▶ [Work order]: Reproduce each line below precisely. Drop the pictures.

▶ [Given information]:
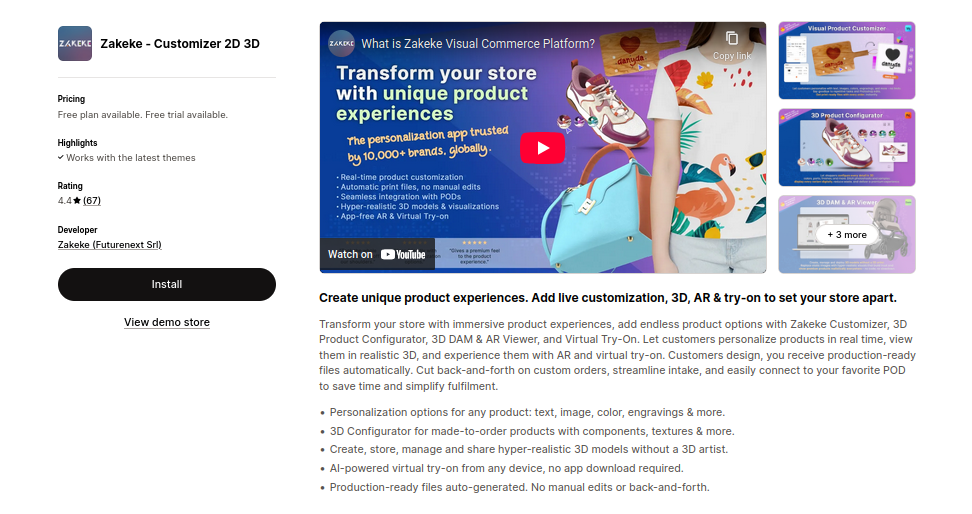 If you want to deliver a truly next-level shopping experience, Zakeke Customizer 2D/3D is the app that brings your products to life. Designed for brands that want to stand out with real-time personalization, 3D visualization, and AR try-ons, Zakeke turns static product pages into interactive showcases.
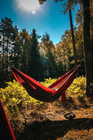 Vill du bara relaxa så har vi hängmattor, brädspel och ett bibliotek fullt med böcker och lego. Och gamla cyklar som nästan kan vägen ner till Laxasands badplats är klar.
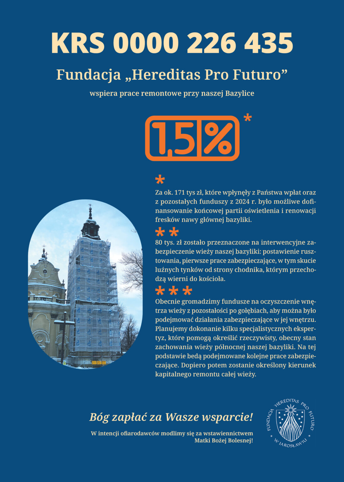 Nasza fundacja otrzymała status Organizacji Pożytku Publicznego, a to oznacza, że możecie Państwo wspierać fundację „Hereditas pro Futuro” przekazując 1,5 % podatku dochodowego lub po prostu złożyć darowiznę.
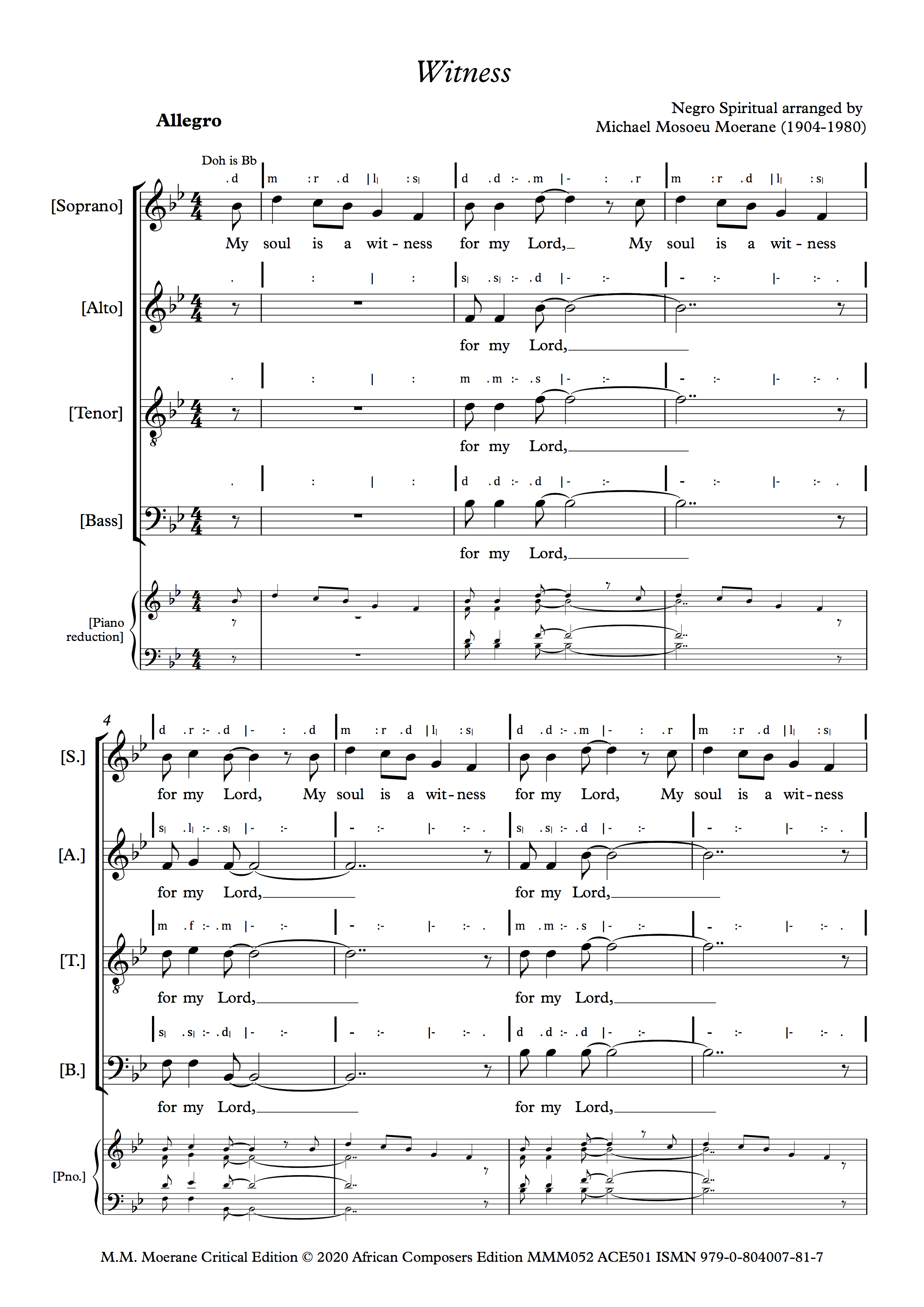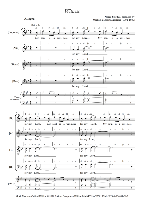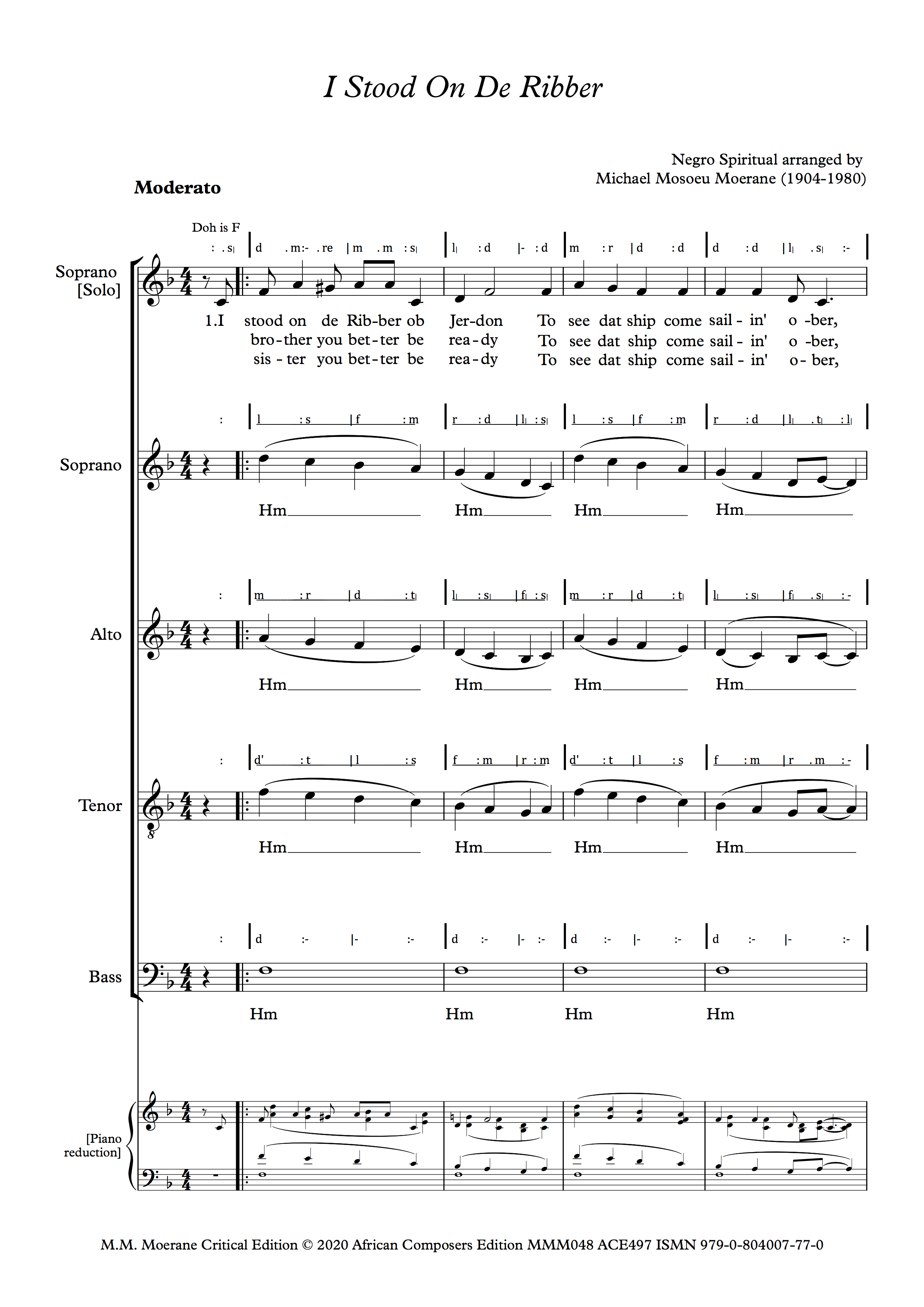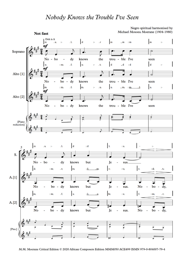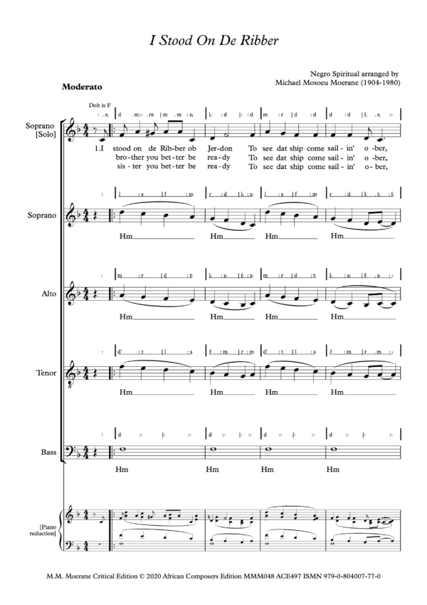 Moerane’s arrangement of Shenandoah has a wonderfully varied texture, beginning TTBB, changing to SATB and then to SSATB during the course of which the melody moves from voice to voice. The original tune, ‘Shenandoah’, is an American folksong about Iraqois Chief Shenandoah from Virginia, the state whose major river is named after him. The song is usually known as a ‘sea shanty’, and Moerane found the source for his arrangement in Sailor Shanties by Richard Runciman Terry, published by Curwen in the 1920s or 1930s. He may have made this arrangement in the late 1930s, around the same time that Lovedale Press published his arrangement of Nobody Knows the Trouble I’ve Seen. An arrangement of the song on Youtube by Mark Patterson filmed in the Shenandoah National Park has a melodic line somewhat different from Moerane’s. Moerane makes the tune more of a sea shanty. In order to help choirs learn Moerane’s choral version, a free rehearsal mp3 at a slow tempo is downloadable when the song is purchased.

▶ [Response area]:
 If you want to deliver a truly next-level shopping experience, Zakeke Customizer 2D/3D is the app that brings your products to life. Designed for brands that want to stand out with real-time personalization, 3D visualization, and AR try-ons, Zakeke turns static product pages into interactive showcases.
 Vill du bara relaxa så har vi hängmattor, brädspel och ett bibliotek fullt med böcker och lego. Och gamla cyklar som nästan kan vägen ner till Laxasands badplats är klar.
 Nasza fundacja otrzymała status Organizacji Pożytku Publicznego, a to oznacza, że możecie Państwo wspierać fundację „Hereditas pro Futuro” przekazując 1,5 % podatku dochodowego lub po prostu złożyć darowiznę.
 Moerane’s arrangement of Shenandoah has a wonderfully varied texture, beginning TTBB, changing to SATB and then to SSATB during the course of which the melody moves from voice to voice. The original tune, ‘Shenandoah’, is an American folksong about Iraqois Chief Shenandoah from Virginia, the state whose major river is named after him. The song is usually known as a ‘sea shanty’, and Moerane found the source for his arrangement in Sailor Shanties by Richard Runciman Terry, published by Curwen in the 1920s or 1930s. He may have made this arrangement in the late 1930s, around the same time that Lovedale Press published his arrangement of Nobody Knows the Trouble I’ve Seen. An arrangement of the song on Youtube by Mark Patterson filmed in the Shenandoah National Park has a melodic line somewhat different from Moerane’s. Moerane makes the tune more of a sea shanty. In order to help choirs learn Moerane’s choral version, a free rehearsal mp3 at a slow tempo is downloadable when the song is purchased.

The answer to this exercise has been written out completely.